If you do not understand the parameters, stick to the defaults.

Note

The parameters for the Functional Annotation Clustering tool and Functional Classification Tool are the same. These tools apply the same methods and concepts for clustering.

Functional Annotation Table

Provides a gene-centric view which lists the genes and their associated annotation terms... -- DAVID help documents

Functional Annotation Table Combined

Gene Functional Classification Result

The Functional Classification Tool provides a rapid means to organize large lists of genes into functionally related groups to help unravel the biological content captured by high throughput technologies. - DAVID documentation - Functional Classification

Genes are grouped on the basis of shared annotation terms. Similar to the Functional Annotation Clustering tool, this tool uses the kappa statistics and fuzzy heuristic clustering algorithm. "The fuzziness feature of the agglomeration method allows a gene or term to participate in more than one functional group, better reflecting the true 'multiple-roles' nature of genes" (Huang et al. 2007)

Tools are available to investigate consensus terms, enriched terms, and gene-to-term relationships.

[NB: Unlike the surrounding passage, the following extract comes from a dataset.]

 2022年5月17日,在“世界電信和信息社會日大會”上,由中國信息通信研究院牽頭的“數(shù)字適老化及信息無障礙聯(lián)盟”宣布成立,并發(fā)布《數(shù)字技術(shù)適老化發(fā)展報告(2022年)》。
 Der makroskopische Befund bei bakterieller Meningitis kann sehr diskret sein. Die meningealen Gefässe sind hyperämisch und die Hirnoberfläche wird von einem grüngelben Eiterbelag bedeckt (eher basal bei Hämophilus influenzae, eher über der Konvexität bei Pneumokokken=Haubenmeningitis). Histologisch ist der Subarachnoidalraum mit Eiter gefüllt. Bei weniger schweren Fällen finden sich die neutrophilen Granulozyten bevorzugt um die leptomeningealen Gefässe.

Gene Functional Classification vs. Functional Annotation Clustering:

These are related methods. Gene Functional Classification identifies groups of genes sharing similar biological terms, while Functional Annoation Clustering identifies groups of terms sharing similar genes.

DAVID Orthology

The DAVID Orthology tool is a new tool that allows a user to convert a gene list between species.

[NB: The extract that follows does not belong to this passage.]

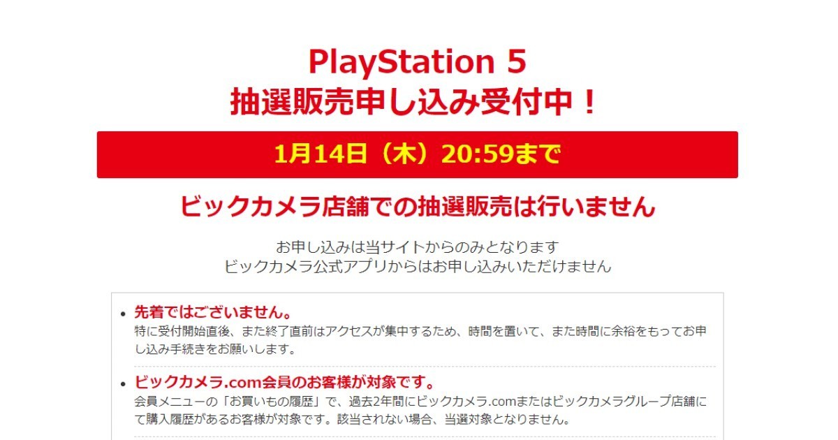 1月14日20時59分まで ビックカメラ Com会員限定でps5の抽選販売 ニコニコニュース

DAVID Ortholog can convert a gene list from the species under study to a list of orthologs in a targeted species using OMA and Ensembl ortholog pair information. The ortholog lists converted from lesser to better studied species will provide more annotation information thereby helping the user to further understand the gene list under study. - Sherman et al. 2024

The converted gene list can then be used directly with DAVID functional enrichment tools.